Because out of 3 callsites, two were in a context which now needed to
make the iommu_group_first_dev() call itself anyway,

I don't see it. Why not just do this?

static int __iommu_domain_alloc_dev(struct device *dev, void *data)
{
/* FIXME: This is not correctly locked */
struct iommu_group *group = iommu_group_get(dev);
struct group **alloc_group = data;

if (!group)
return 0;

mutex_lock(&group->mutex);
/* Theoretically we could have raced against release */
if (list_empty(&group->devices)) {
mutex_unlock(&group->mutex);
iommu_group_put(group);
return 0;
}

*alloc_group = group;
return 1;
}

struct iommu_domain *iommu_domain_alloc(const struct bus_type *bus)
{
struct iommu_group *alloc_group;
struct iommu_domain *dom;

/* Only one driver is supported with this interface */
if (WARN_ON(iommu_num_drivers > 1))
return NULL;

bus_for_each_dev(bus, NULL, &alloc_group, __iommu_domain_alloc_dev);
if (!alloc_group)
return NULL;
dom = __iommu_group_domain_alloc(alloc_group, IOMMU_DOMAIN_UNMANAGED);
mutex_unlock(&alloc_group->mutex);
iommu_group_put(alloc_group);
return dom;
}
EXPORT_SYMBOL_GPL(iommu_domain_alloc);

(and ++/-- iommu_num_drivers in iommu_device_register)

One patch, it's pretty easy???

Sure, that would then leave two callsites for __iommu_group_domain_alloc(), which might in turn justify leaving it factored out, but the endgame is to get a device to resolve dev_iommu_ops(), so if we're starting with a suitable device in hand then using its group to immediately re-derive a device again when we *could* trivially pass the device straight through is silly and overcomplicated.

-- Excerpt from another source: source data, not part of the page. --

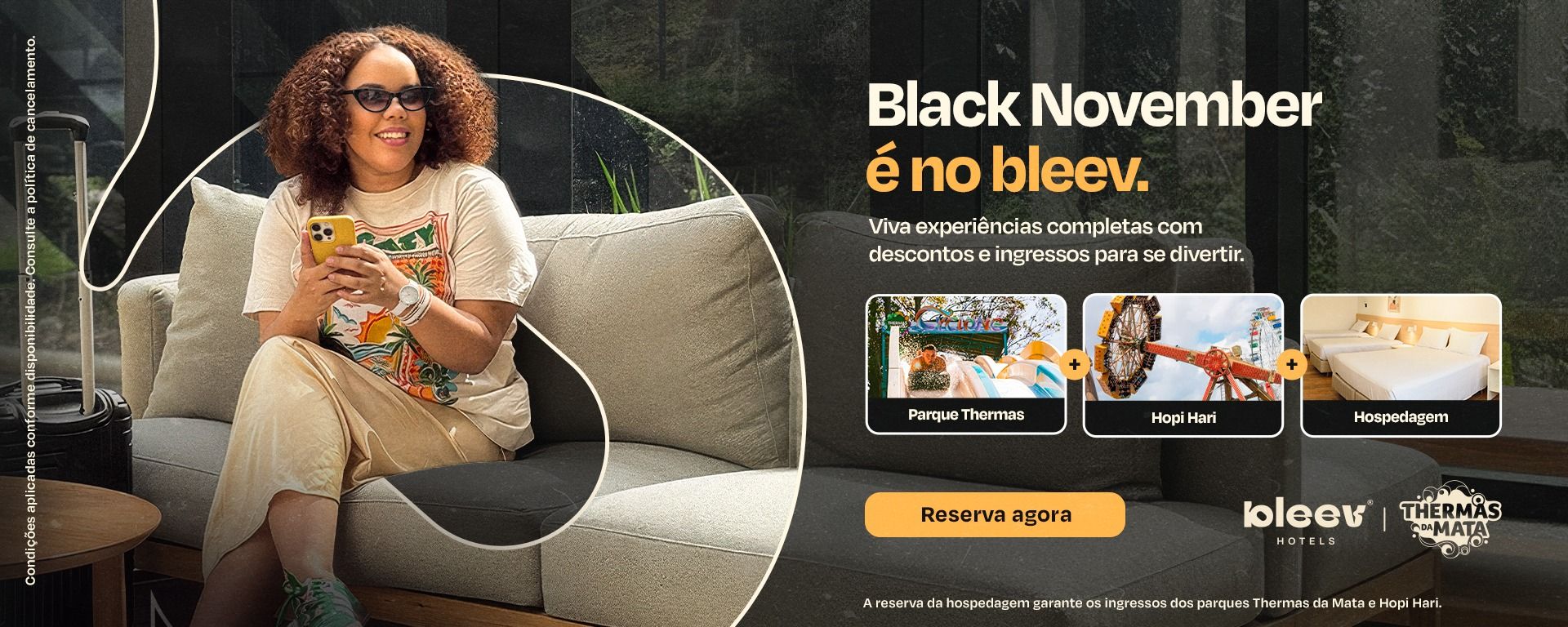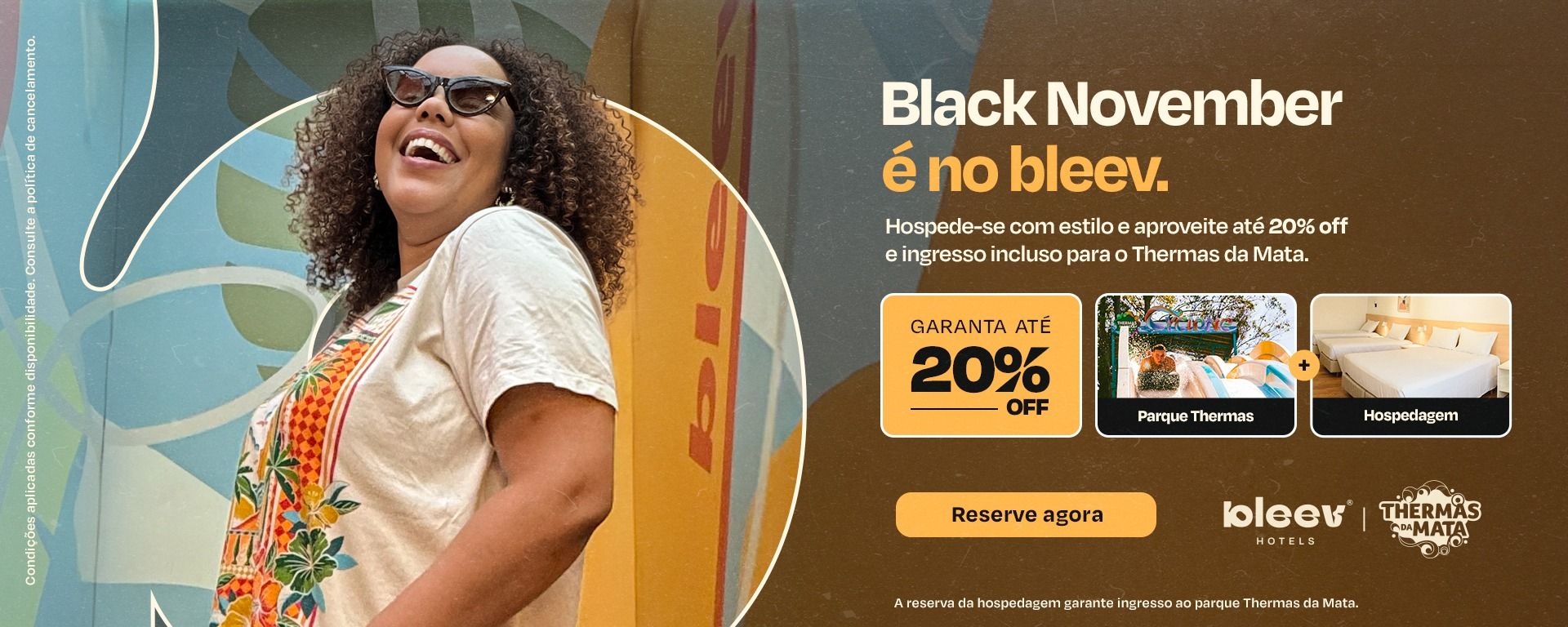 O Hotel Bleev Thermas da Mata está localizado em Cotia-SP, dentro do Parque Aquático Thermas da Mata, oferecendo uma experiência única de conforto e lazer em meio à natureza. Ideal para famílias, casais e grupos de amigos, o hotel conta com suítes amplas e chalés, todos equipados com ar-condicionado, Smart TV, frigobar e cofre.
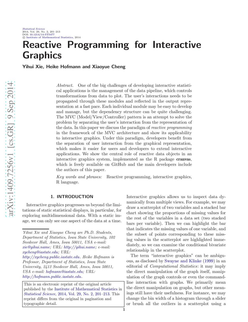 One of the big challenges of developing interactive statistical applications is the management of the data pipeline, which controls transformations from data to plot. The user's interactions needs to be propagated through these modules and reflected in the output representation at a fast pace. Each individual module may be easy to develop and manage, but the dependency structure can be quite challenging. The MVC (Model/View/Controller) pattern is an attempt to solve the problem by separating the user's interaction from the representation of the data. In this paper we discuss the paradigm of reactive programming in the framework of the MVC architecture and show its applicability to interactive graphics. Under this paradigm, developers benefit from the separation of user interaction from the graphical representation, which makes it easier for users and developers to extend interactive applications. We show the central role of reactive data objects in an interactive graphics system, implemented as the R package cranvas, which is freely available on GitHub and the main developers include the authors of this paper.
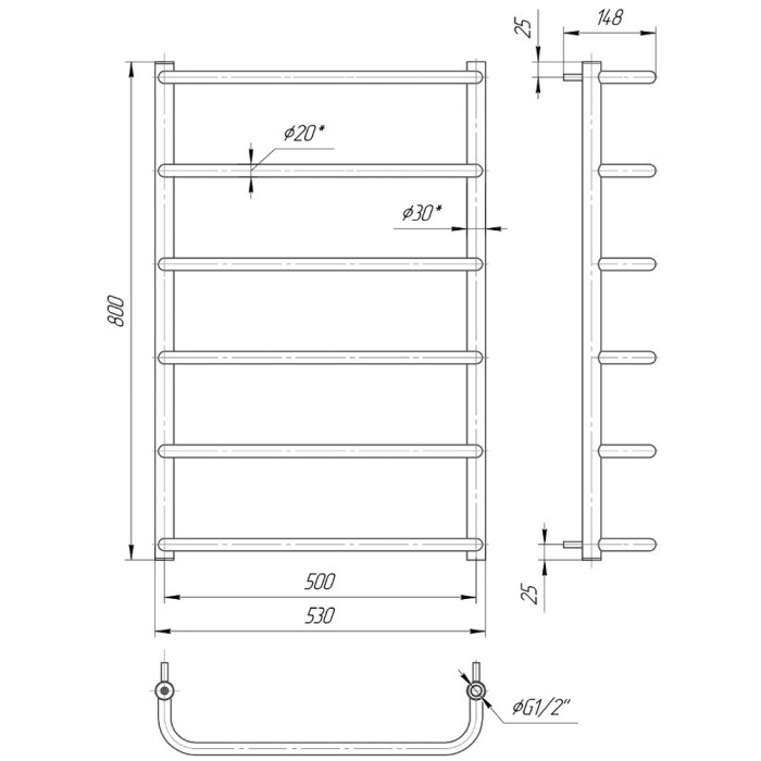 Водяной полотенцесушитель Mario Стандарт HP 800x530/500 мм нержавеющая сталь
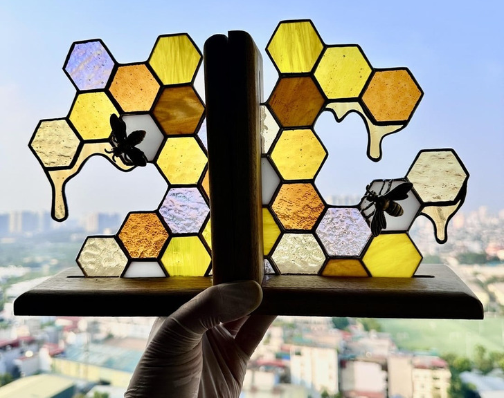 " Serre-livres en vitrail en forme de ruche que je viens de terminer "
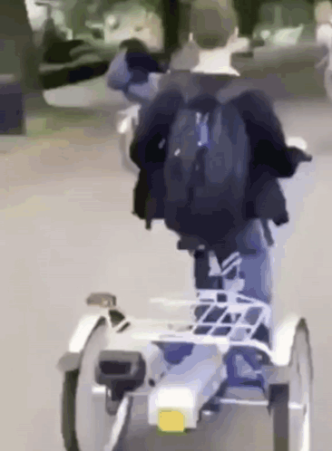 Jacko, a man with a backpack, rides a unique three-wheeled bicycle down a tree-lined street.
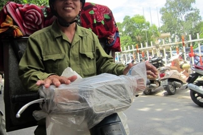 | Chiếc xe máy này được bọc miếng nilon để tránh nước mưa làm chập hệ thống điện. |
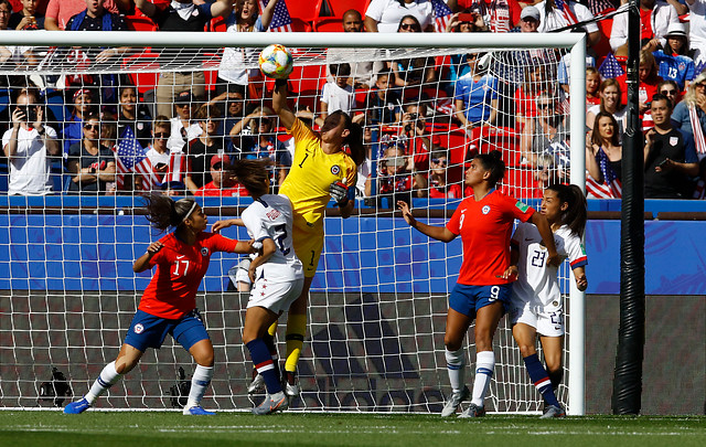 El primer gol cayó a los 11 minutos del primer tiempo. Poco y nada pudo hacer Christiane Endler tras el fuerte remate de Carli Lloyd que dejó estática la portera nacional.
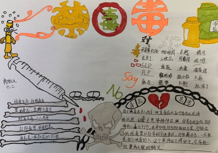 在老师的指导下,同学们纷纷开动脑筋,根据自身的理解和课外资料的补充,用图画和文字绘制出一张张禁毒主题手抄报,来表达“健康人生,绿色无毒”的认知。
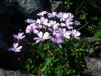 登る時には気付かなかった花がよく見える。千枚岳に多いシロバナタカネビランジだ! とその下にも,今度はピンクのタカネビランジだ。写真では色が飛んでしまっている。
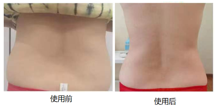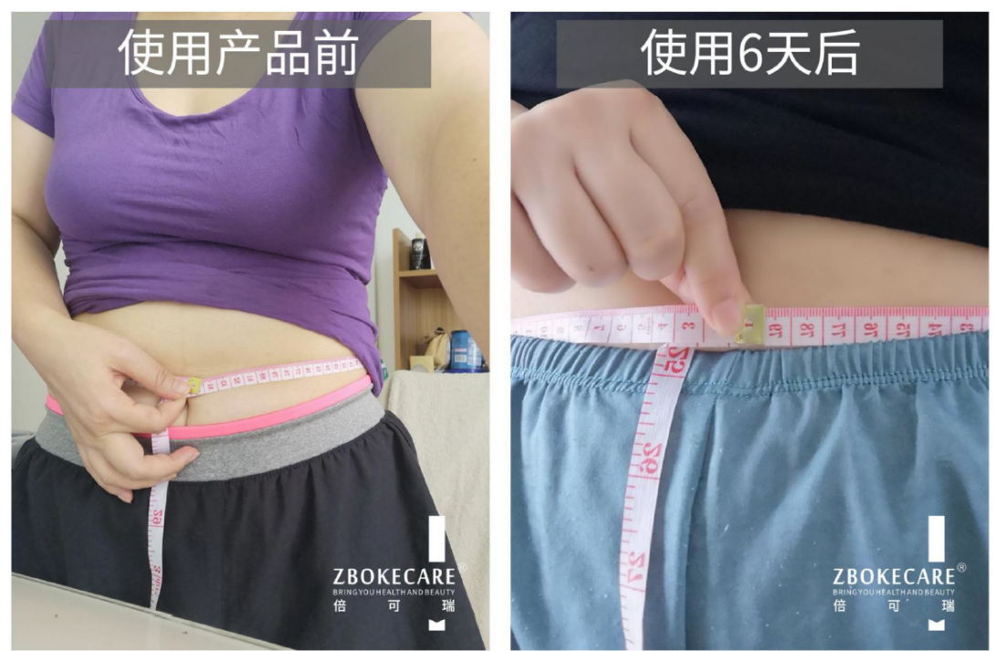 使用后:使用產(chǎn)品6天后,腹部皮膚變緊實(shí)、收緊,腰圍測(cè)量79公分,塑形5公分。
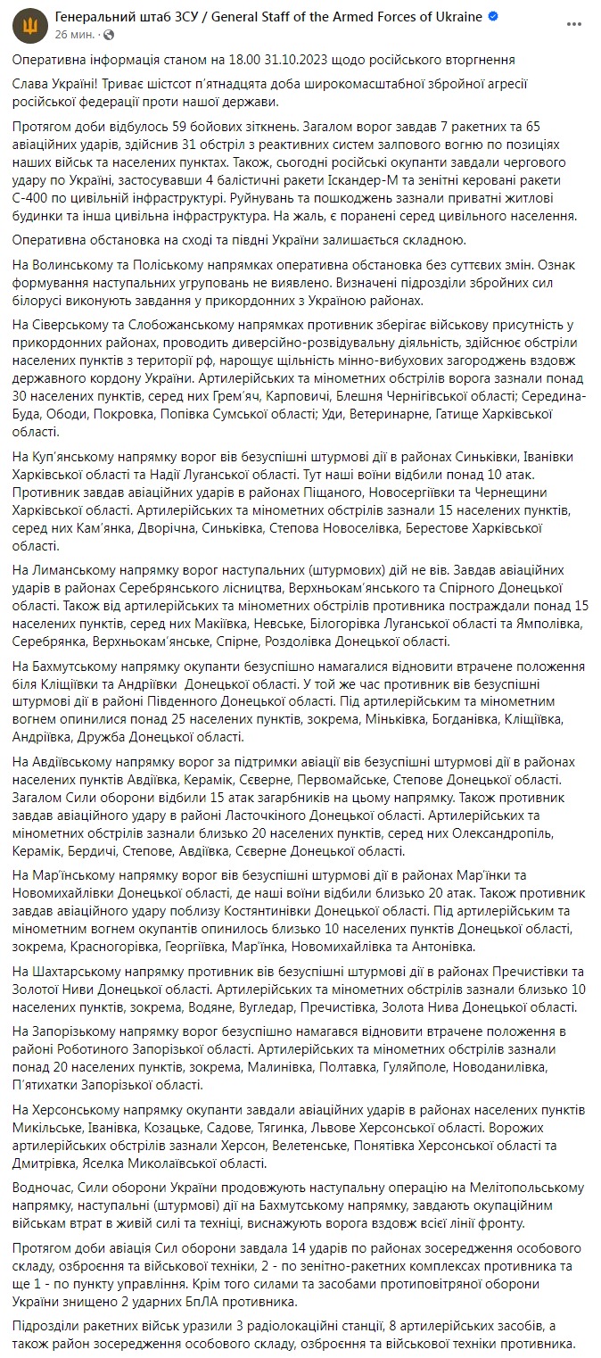 Генштаб ЗСУ опублікував оперативну інформацію щодо ситуації на фронтах станом на 18:00 31 жовтня.
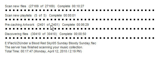 Created attachment 6509 [details] Screen capture following new & changed scan Here's another screen capture showing the correctly formatted time after the new & changed scan is finished. Another small problem shown in this capture is that after the scan, the last file scanned remains displayed. If you leave the page and return, this isn't shown any longer.

However it turns out that we can't easily touch the group here at all without then needing dependent changes in VFIO, so rather than invite any more scope creep at this point I'm going to respin this as a purely sideways step that sticks to resolving ops from a bus, and save any further device/instance niceties for step 2 when I have to touch all the external callers anyway.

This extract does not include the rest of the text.